• **EXCERPTED RECORDS**:
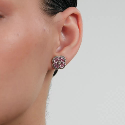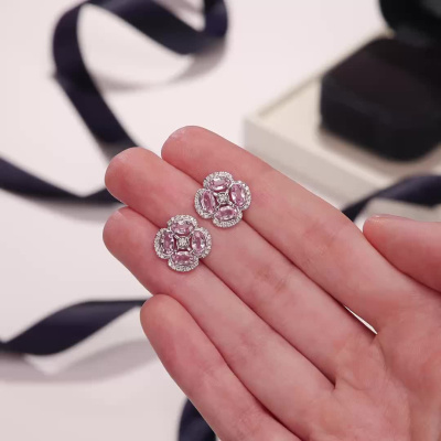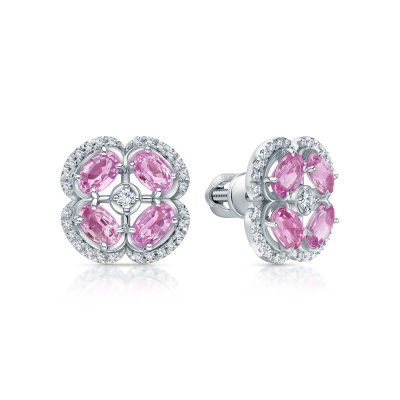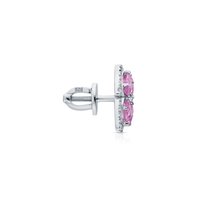 Серьги с 2 бриллиантами природными, 0.05 карат, огранка круг 57 граней, цвет 3, чистота 5, тип огранки А; 56 бриллиантами природными, 0.2 карат, огранка круг 57 граней, цвет 3, чистота 5, тип огранки А; 8 сапфирами розовыми природными, 2.39 карат, тип огранки Б; Белое золото 585 пробы.
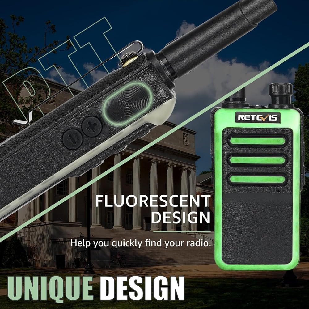 زر PTT كبير؛ سهل التشغيل والاستخدام. يكون زر PTT أكثر راحة عند الضغط عليه للتواصل؛ يعد تصميم المصباح والفلورسنت أكثر ملاءمة للاتصالات الليلية
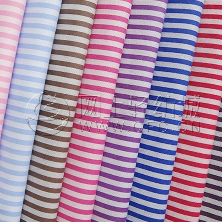 pattern stripe Main process Yarn-dyed use Shirt fabrics, work clothes/uniform fabrics color 8# blue and white strips, 11# dark blue and white strips, 7# purple and white strips, 5# brown and white strips, 6# rose red and white strips, 12# black and white strips, 1# gray and white strips, 3# pink and white strips, 10# dark purple and white strips, 4# light blue and white stripes Product name Yarn-dyed plaid Weight 110g/㎡ Weaving style woven density 144X80 Door width 150 cm Yarn count 45sX45s Other specifications 45sX45s/144X80 Element Combed cotton 35% microfiber 65% special handling No ironing, moisture-absorbent and breathable fabric weave other organizations Blending ratio Combed cotton 35% microfiber 65% Article number LT-T1058 ![]()
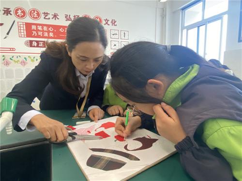 除了有与科技前沿接轨的人工智能课,学校还将中华传统文化从小根植于每个学生心里,布贴画就是其中之一。
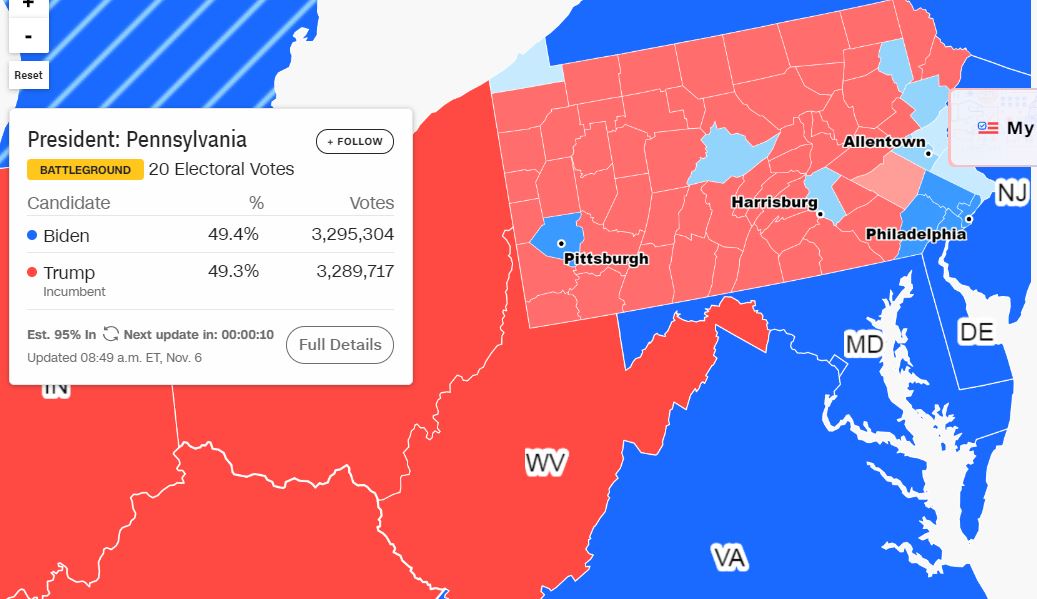 На цей час у Байдена 253 голоси вибірників. Якщо він виграє Пенсільванію, він подолає поріг у 270 голосів виборців й переможе на виборах президента США.
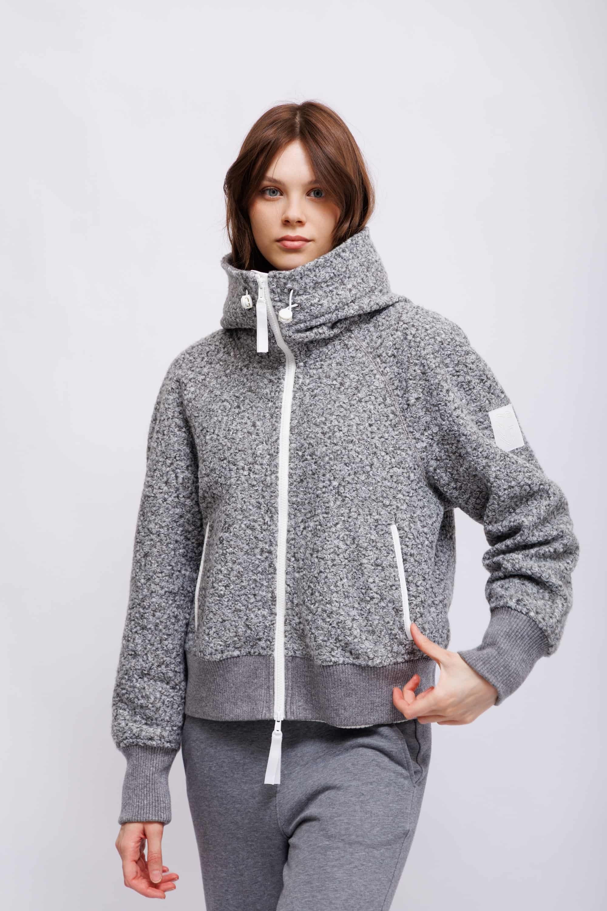 Этот бомбер с капюшоном из кудрявого искусственного меха выглядит роскошно и современно. Трикотажные манжеты и плоская строчка добавляют спортивные акценты, а детали молочного цвета создают тонкий цветовой контраст. Прорезные карманы обеспечивают практичность.
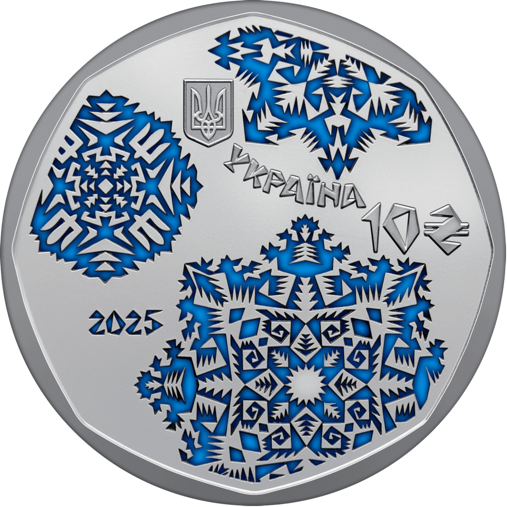 На аверсе монеты размещен изящный декоративный узорчатый мотив в виде снежинок, которые традиционно используются для украшения зимних окон. В верхней части монеты между снежинками изображен малый Государственный Герб Украины, номинал 10 и графический символ гривни, а также надписи УКРАИНА / 2025.
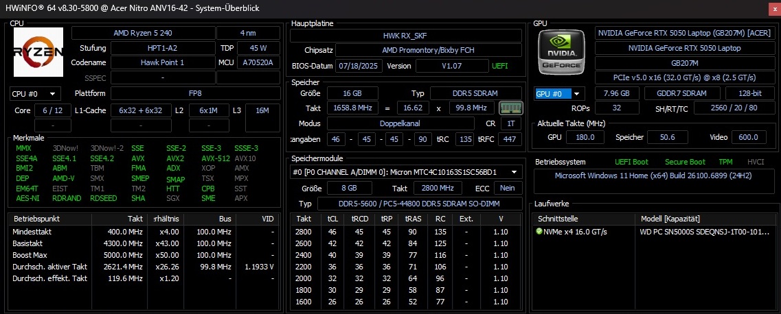 | Acer Nitro V 16 AI ANV16-42-R860 AMD Ryzen 5 240 ⎘ NVIDIA GeForce RTX 5050 Laptop ⎘ 16 GB Minne, 1024 GB SSD | Amazon: $989.00 Listpris: 1100 EUR | 2.4 kg | 24.5 mm | 16.00" 1920x1200 142 PPI IPS | |
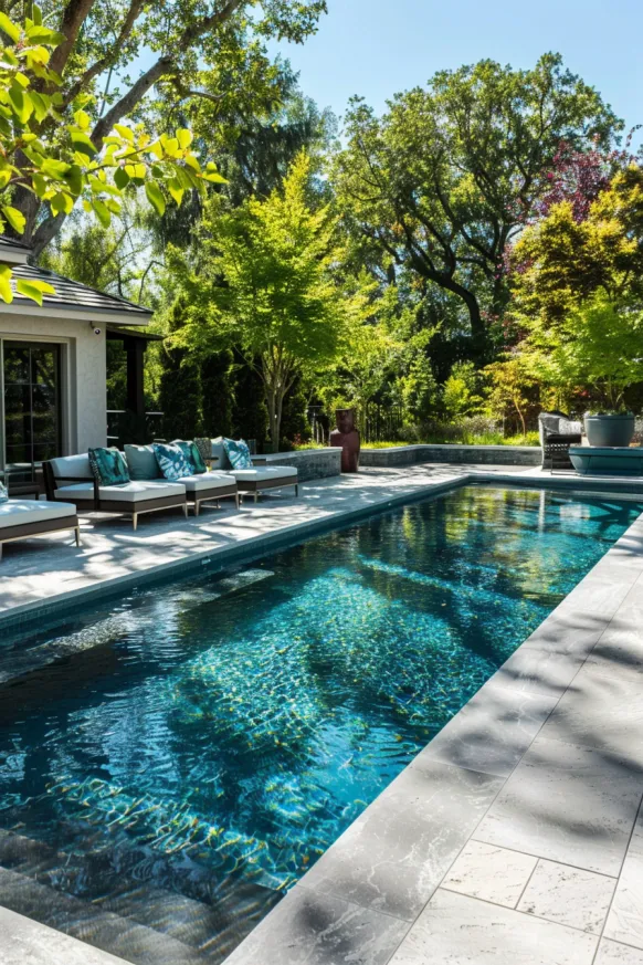 This stunning in-ground pool design is nestled within a beautiful garden oasis, surrounded by tall trees and rich greenery. The sleek, modern pool features clean lines and a tranquil blue hue that perfectly complements the lush plants around it. The minimalist lounge area with plush seating adds a cozy touch, making it an ideal spot for relaxing and enjoying the serene environment. The natural stone tiles around the pool further enhance the sophisticated yet relaxed vibe of the space.
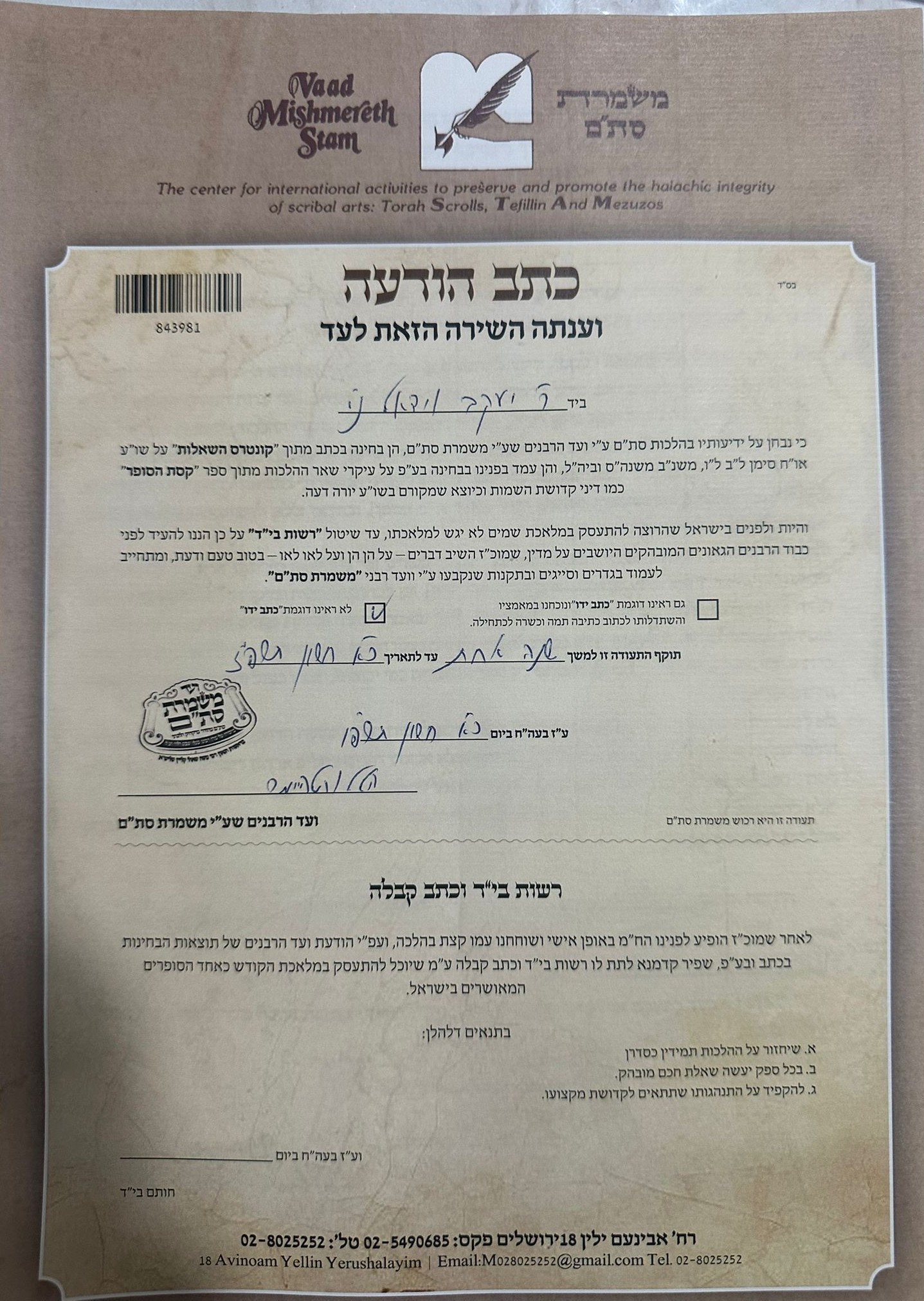 ניתן גם למסור לי סת"ם קיים לבדיקה. אעביר את התפילין והמזוזות למגיה חיצוני מוסמך ומקצועי, ואדאג שתקבלו תוך זמן קצר חזרה תשובה מפורטת ומוסמכת על כשרותם.

• **WORK REQUIRED**: From the line with "除了有与科技前沿接轨的人工智" to the final line of the records, inclusive, set down the lines exactly and add nothing; leave every picture out.

• **EXPECTED ANSWER**:
 除了有与科技前沿接轨的人工智能课,学校还将中华传统文化从小根植于每个学生心里,布贴画就是其中之一。
 На цей час у Байдена 253 голоси вибірників. Якщо він виграє Пенсільванію, він подолає поріг у 270 голосів виборців й переможе на виборах президента США.
 Этот бомбер с капюшоном из кудрявого искусственного меха выглядит роскошно и современно. Трикотажные манжеты и плоская строчка добавляют спортивные акценты, а детали молочного цвета создают тонкий цветовой контраст. Прорезные карманы обеспечивают практичность.
 На аверсе монеты размещен изящный декоративный узорчатый мотив в виде снежинок, которые традиционно используются для украшения зимних окон. В верхней части монеты между снежинками изображен малый Государственный Герб Украины, номинал 10 и графический символ гривни, а также надписи УКРАИНА / 2025.
 | Acer Nitro V 16 AI ANV16-42-R860 AMD Ryzen 5 240 ⎘ NVIDIA GeForce RTX 5050 Laptop ⎘ 16 GB Minne, 1024 GB SSD | Amazon: $989.00 Listpris: 1100 EUR | 2.4 kg | 24.5 mm | 16.00" 1920x1200 142 PPI IPS | |
 This stunning in-ground pool design is nestled within a beautiful garden oasis, surrounded by tall trees and rich greenery. The sleek, modern pool features clean lines and a tranquil blue hue that perfectly complements the lush plants around it. The minimalist lounge area with plush seating adds a cozy touch, making it an ideal spot for relaxing and enjoying the serene environment. The natural stone tiles around the pool further enhance the sophisticated yet relaxed vibe of the space.
 ניתן גם למסור לי סת"ם קיים לבדיקה. אעביר את התפילין והמזוזות למגיה חיצוני מוסמך ומקצועי, ואדאג שתקבלו תוך זמן קצר חזרה תשובה מפורטת ומוסמכת על כשרותם.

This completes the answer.